Nope, but I have taken some hydrology courses and I need to know a certain amount just to do the job.
When rain falls on a hillslope, some is lost to evaporation, some is lost to traspiration and the rest makes its way to the stream.
To complicate things a bit, the amount that is lost to evaporation or transpiration varies according to whether the soil is already saturated and the weather conditions at the time. In other words, if the soil is already wet, the trees are transpiring all the water they can, and adding more water to the soil is not going to make them transpire more. Also if the rain is a quick shower after and before a dry spell, then the evaporation rate is going to be higher than if there is constant fog.
When I made my post before, I made the assumption, but didn't state it, that we are in a constant wet period and this rainfall isn't some freak event. Rather it is an exceptionally hard rain during the fall rainy period (or whenever the rainy period is in your locale).
If you measure and chart the height of a stream during this period, after a rainfall, you will find the graph looks a bit like an airplane wing (x section). It rises steeply, rolls over the top and then tapers back to the normal stream level. However, if you log a portion of the hillslope, what happens is the curve on the graph is a little higher and the tail is a little shorter, but the total amount of water is not that much different.
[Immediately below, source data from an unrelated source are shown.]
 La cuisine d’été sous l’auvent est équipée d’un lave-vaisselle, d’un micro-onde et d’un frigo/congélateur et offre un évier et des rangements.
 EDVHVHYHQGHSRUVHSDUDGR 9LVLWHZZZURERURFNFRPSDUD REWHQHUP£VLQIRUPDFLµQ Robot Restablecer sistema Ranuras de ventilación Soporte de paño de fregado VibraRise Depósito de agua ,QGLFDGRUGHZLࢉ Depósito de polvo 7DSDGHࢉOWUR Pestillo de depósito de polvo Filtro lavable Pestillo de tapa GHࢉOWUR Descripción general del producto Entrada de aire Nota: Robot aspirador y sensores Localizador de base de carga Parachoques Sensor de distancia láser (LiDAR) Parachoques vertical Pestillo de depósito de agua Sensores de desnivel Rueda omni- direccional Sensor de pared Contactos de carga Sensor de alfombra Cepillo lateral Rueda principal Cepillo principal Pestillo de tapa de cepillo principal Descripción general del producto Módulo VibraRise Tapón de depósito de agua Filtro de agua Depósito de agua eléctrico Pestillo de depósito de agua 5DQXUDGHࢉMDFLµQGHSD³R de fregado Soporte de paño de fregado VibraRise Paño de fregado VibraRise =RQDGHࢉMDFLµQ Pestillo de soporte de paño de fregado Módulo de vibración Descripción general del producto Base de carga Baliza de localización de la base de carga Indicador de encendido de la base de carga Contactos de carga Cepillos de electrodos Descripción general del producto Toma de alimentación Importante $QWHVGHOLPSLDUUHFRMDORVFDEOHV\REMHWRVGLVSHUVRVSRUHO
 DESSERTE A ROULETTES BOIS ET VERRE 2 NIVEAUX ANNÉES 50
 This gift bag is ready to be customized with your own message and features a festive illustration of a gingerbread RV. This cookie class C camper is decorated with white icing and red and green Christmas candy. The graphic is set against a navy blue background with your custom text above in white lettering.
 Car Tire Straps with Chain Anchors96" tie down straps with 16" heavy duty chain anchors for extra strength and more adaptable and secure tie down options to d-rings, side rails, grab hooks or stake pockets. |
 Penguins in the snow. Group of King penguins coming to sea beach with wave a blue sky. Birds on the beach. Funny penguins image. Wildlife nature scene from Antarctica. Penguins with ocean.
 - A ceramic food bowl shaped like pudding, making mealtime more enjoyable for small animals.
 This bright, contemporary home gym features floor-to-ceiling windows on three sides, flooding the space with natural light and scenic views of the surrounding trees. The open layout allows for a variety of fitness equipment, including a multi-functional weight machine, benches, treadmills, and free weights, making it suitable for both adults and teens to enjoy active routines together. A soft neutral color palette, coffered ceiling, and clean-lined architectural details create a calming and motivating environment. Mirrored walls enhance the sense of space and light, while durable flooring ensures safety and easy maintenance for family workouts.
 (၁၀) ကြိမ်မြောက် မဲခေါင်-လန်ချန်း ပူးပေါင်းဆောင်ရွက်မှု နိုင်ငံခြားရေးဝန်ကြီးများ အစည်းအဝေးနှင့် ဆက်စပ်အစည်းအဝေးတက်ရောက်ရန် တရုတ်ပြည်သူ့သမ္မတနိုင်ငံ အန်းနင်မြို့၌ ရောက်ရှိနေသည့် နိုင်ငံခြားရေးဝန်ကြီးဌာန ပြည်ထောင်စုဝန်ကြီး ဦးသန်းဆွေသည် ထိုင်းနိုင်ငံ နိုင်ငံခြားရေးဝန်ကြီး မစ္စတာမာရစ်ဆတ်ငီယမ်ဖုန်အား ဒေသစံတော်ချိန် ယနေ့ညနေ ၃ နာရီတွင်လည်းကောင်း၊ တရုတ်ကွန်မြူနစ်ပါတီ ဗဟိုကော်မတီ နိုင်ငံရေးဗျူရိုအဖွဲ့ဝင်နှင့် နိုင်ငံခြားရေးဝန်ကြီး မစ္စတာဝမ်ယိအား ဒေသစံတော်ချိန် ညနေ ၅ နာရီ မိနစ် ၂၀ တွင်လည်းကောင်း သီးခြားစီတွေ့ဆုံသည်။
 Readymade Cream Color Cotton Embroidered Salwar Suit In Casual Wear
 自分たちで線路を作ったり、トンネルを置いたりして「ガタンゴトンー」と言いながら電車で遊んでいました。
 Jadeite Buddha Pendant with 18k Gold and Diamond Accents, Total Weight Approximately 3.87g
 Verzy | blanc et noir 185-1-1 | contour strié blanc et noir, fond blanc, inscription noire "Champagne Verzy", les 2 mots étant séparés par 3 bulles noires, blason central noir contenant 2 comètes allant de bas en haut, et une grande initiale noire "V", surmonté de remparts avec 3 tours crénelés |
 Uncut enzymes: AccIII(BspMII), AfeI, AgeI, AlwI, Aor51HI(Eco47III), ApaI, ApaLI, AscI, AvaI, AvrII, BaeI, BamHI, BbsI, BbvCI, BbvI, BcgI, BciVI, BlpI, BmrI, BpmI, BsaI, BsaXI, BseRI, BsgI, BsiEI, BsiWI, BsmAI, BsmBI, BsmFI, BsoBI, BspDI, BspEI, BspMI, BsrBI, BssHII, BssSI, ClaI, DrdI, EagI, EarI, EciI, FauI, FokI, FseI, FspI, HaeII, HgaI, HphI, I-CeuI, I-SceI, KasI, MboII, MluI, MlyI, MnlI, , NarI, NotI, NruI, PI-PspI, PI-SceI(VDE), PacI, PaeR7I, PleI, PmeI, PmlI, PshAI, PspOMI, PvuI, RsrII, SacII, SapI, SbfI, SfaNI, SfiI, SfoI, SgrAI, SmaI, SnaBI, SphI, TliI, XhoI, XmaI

So this says the water after the rain runs into the stream faster, but the hillslope also drains faster. Because you are putting the same or slightly more water in the stream in a shorter time the stream level will rise higher. How significant this is depends on the stream and the climate.
For west coast douglas fir forests, a new crop of trees becomes the equivelant to a stand of mature trees hydrologically, when they reach approximately 9 m in height.
This a pretty simple explanation, this topic is the subject of hundreds of Phd theses and research papers, so there are many variations to how water flows into a stream depending on soils, slope, climate, elevation or bedrock.